Role in FIRE-ADAPT: co-leader of the thematic area “(inter)cultural services and human well-being”
Organisation: Tyndall Centre for Climate Change and School of International Development, University of East Anglia (UEA)
Country: United Kingdom
What motivated me to join FIRE-ADAPT
The most incentivising thing was knowing who else was inside, the network, and having the opportunity to work with people whose scientific work I’ve read, like Imma Oliveras, Bibiana Bilbao and other colleagues. Also, having in the project fire managers from different contexts, I mean South American and European countries, seemed extremely unique. Finally, the possibility of networking through secondments in order to really try to connect different knowledges and understandings seemed very special and necessary given this global crisis of wildfires. So, it was the the network, the potential to connect contexts and knowledges, and the timing.
What my area of work in the project pursues
Our focus is on bringing diverse cultural knowledges together and also scientific knowledge and place-based or practitioner knowledge. It’s that connexion of knowledges which is really important to our work.
The next dimension that motivates our objectives is, on one side, trying to understand better and give visibility to the lived experiences of quemas (burns) or managed fire, and, on the other side, the experience of “incendios” or wildfires; we are interested in showing the different types of impacts of those different fires. These includes their benefits but also their burdens because, even in the managed fires, practices that have been used for many generations perhaps now require some adaptations for new realities. You know that the process can generate benefits, of course, but also can put stresses on communities, their governance and their interaction with institutions. When we’re talking about impacts, we’d want to move beyond just thinking of those on carbon, the area of forest or land burnt, or the amount of biodiversity impacted; we also want to think about the people living in those places: what the impacts are on their lives and livelihoods, the material things, their agriculture, yields, income, assets, houses, etc. but also on their own relations with each other and the non-material attributes that we all have as part of our well-being: our subjective and relational well-being and our relationship with the land, with the territory.
How we are going to achieve our objectives
Through linking research projects that we already have ongoing that look into the questions I talked about above. For example, I’m involved in research in the Amazon, where we’re trying to understand what people are experiencing when incendios or wildfires burn through their forest, what that means for the biodiversity considering that, when we’re talking about biodiversity, we are also talking about people’s food, how families are finding difficulties to collect the different resources from the forest as a result of fire.
One of the PhD students in our team is trying to understand what the values that communities hold are, the different sorts of relationships and arrangements that they have and knowledges and attachments to the land that have enabled them to scape from this sort of reality of incendios (wildfires) in their forests; what kind of factors exist in communities that help them to control the fires as well as to help them and their interactions with institutions. You could say those things are the intangible: the relationships people have with each other, the land and the institutions. We’re trying to understand what they are and to give them visibility.

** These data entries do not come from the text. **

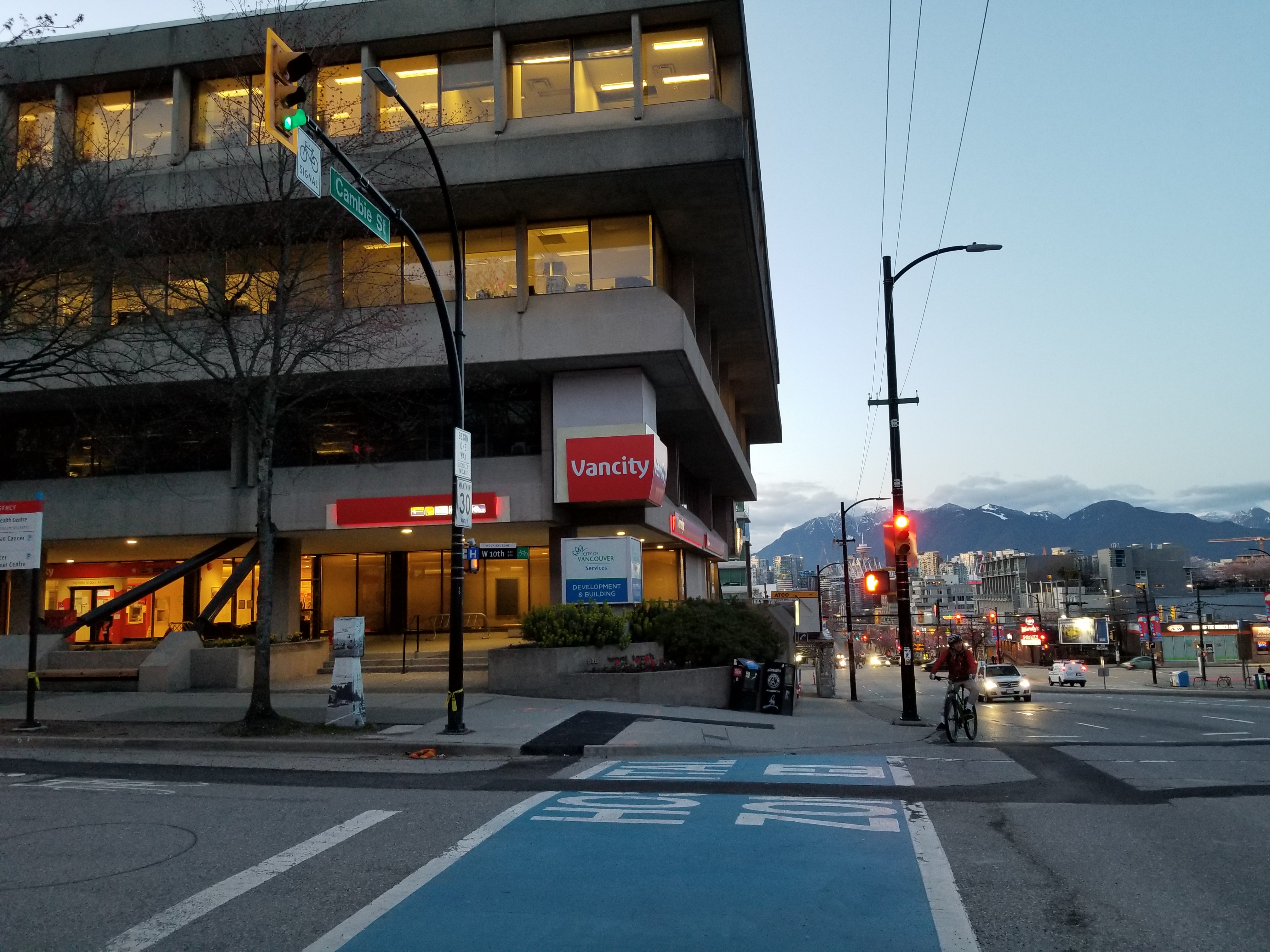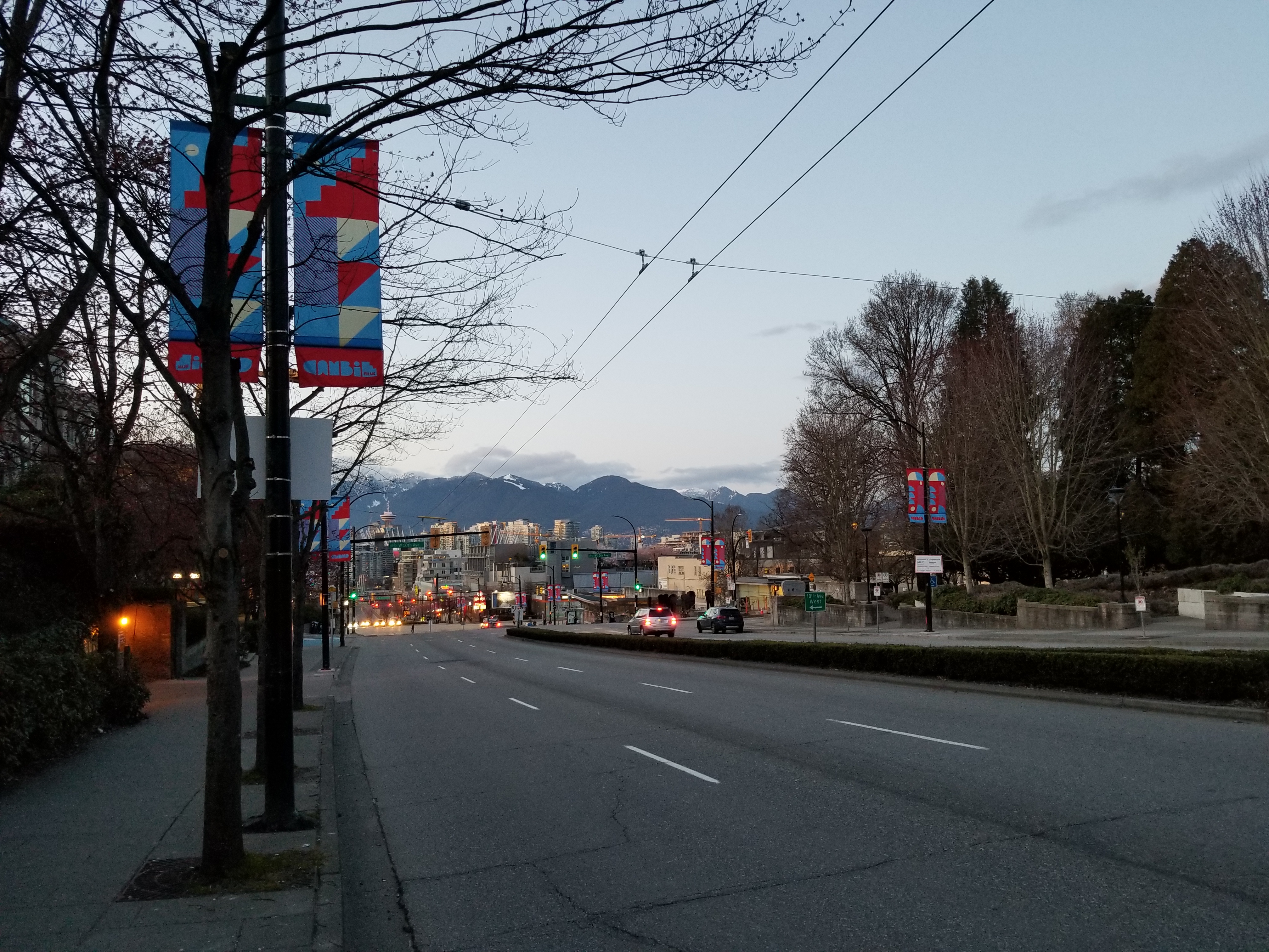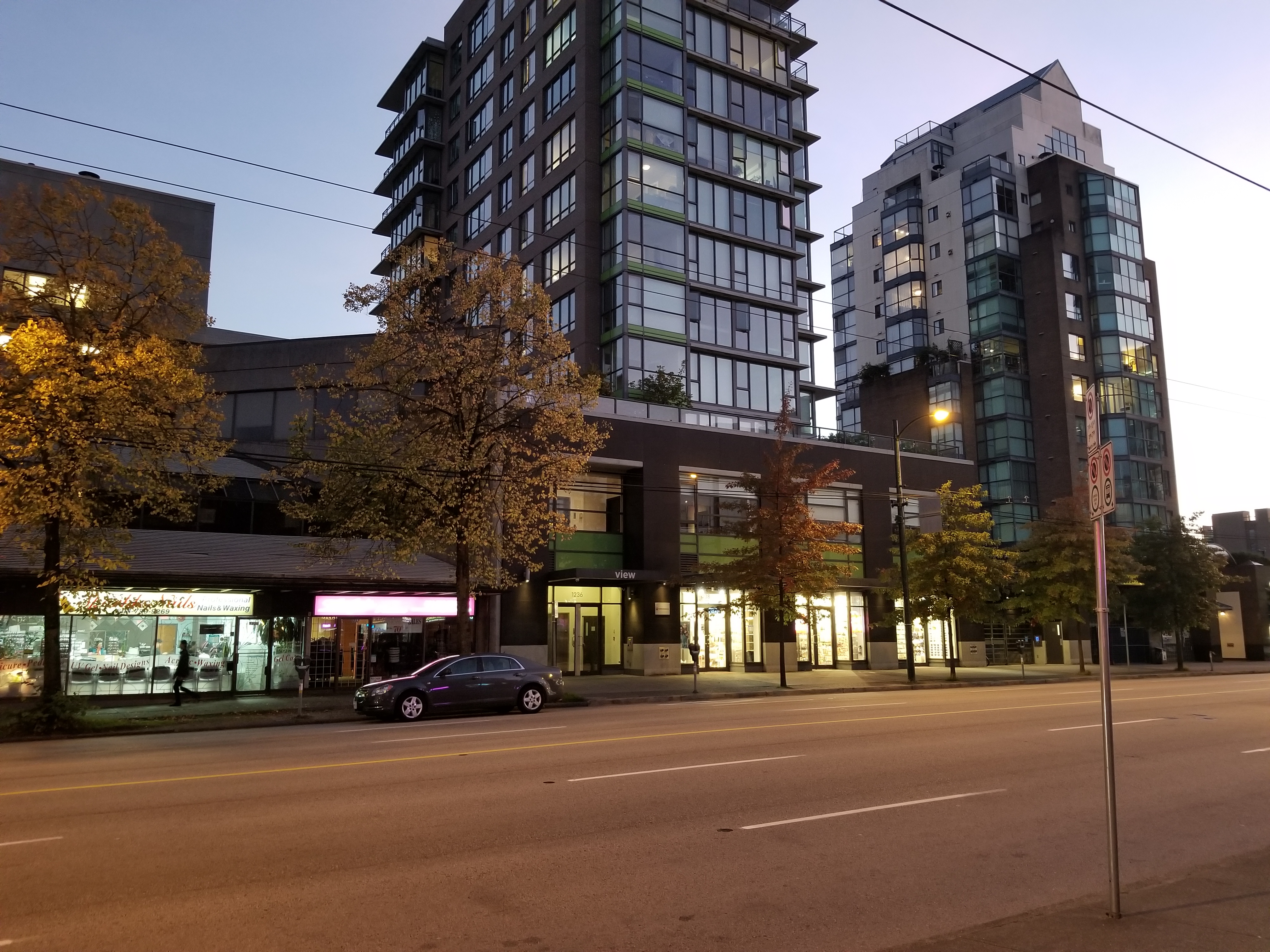 The route begins as “West Broadway” at the intersection of Wallace Crescent and 8th Avenue, in the affluent residential neighbourhood of West Point Grey, a few kilometres east of the University of British Columbia (UBC). Past Alma Street, Broadway takes over from 10th Avenue as one of Vancouver’s major thoroughfares, as it enters Greek West Broadway (or Greektown) section of Vancouver’s Kitsilano district. East of here are several blocks of generally trendy, upscale shops interspersed with low-rise apartment blocks and small supermarkets. The surrounding neighbourhoods generally consist of large, older homes dating from the early twentieth century, many of which have been subdivided into rental suites.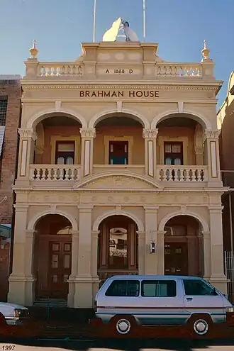 The AMP regional office continued in this East Street building until 1970 when the Society moved to new Rockhampton premises on the same street. The property was sold in 1972 to the Australian Brahman Breeders Association. This organisation had begun as the Australian Zebu Breeders' Society in 1946 in an effort to promote a breed of cattle more able to withstand the effects of north Australia's cattle ticks and droughts than traditional British breeds. They continue to occupy the building on East Street.[1]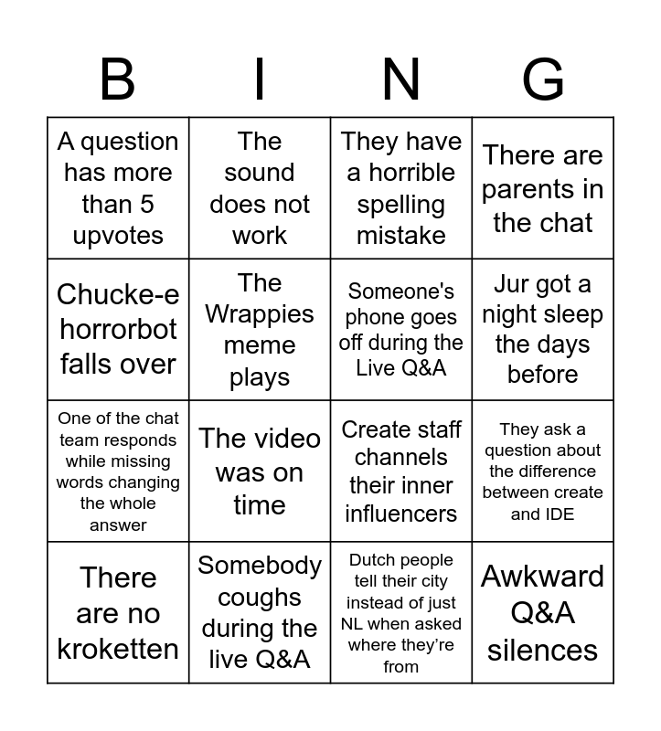 This bingo card has 16 words: Somebody coughs during the live Q&A, They ask a question about the difference between create and IDE, They have a horrible spelling mistake, A question has more than 5 upvotes, One of the chat team responds while missing words changing the whole answer, The sound does not work, Create staff channels their inner influencers, Dutch people tell their city instead of just NL when asked where they’re from, Chucke-e horrorbot falls over, The Wrappies meme plays, There are no kroketten, There are parents in the chat, The video was on time, Jur got a night sleep the days before, Someone's phone goes off during the Live Q&A and Awkward Q&A silences.

What strengths of the partners come together in the project
One of the big benefits of FIRE-ADAPT is the access it gives to the many many case studies, contexts and realities. The fire managers in particular have got a very good knowledge of the sorts of dynamics because they are in the middle, connecting… they speak with the politicians and the policymakers, but they also work in the communities. They have a really interesting perspective because they’re like a bridge. Furthermore, they have experience in the many communities that are involved in these integrated fire management strategies. That is a real benefit, especially for this more human dimension side.
We researchers bring in our existing research projects to then try to do new research in some of these places where we can also have the opportunity to hear what the priorities of the fire managers are. Then, we can try to make sure our research is delivering to those relevant questions.
The natural scientists are going to generate and share a great amount of data, which is going to be fantastic resource, and we’ll be working to bring in social sciences and interdisciplinary thinking more.
This is me
Favourite food: apple crumble
Favourite film: The Piano, by Jane Campion
Favourite music: world music, specially Brazilian music.
I admire: Frances Seymour, who was the Director General of CIFOR when I worked there.
Superpower I´d like to have: fly
In France, I´d take you to: the Fendlands in Norfolk, which are beautiful because they have a lot of history to them. Also, a lot of knowledge on how to collect the different grasses, weave them, and fish in them.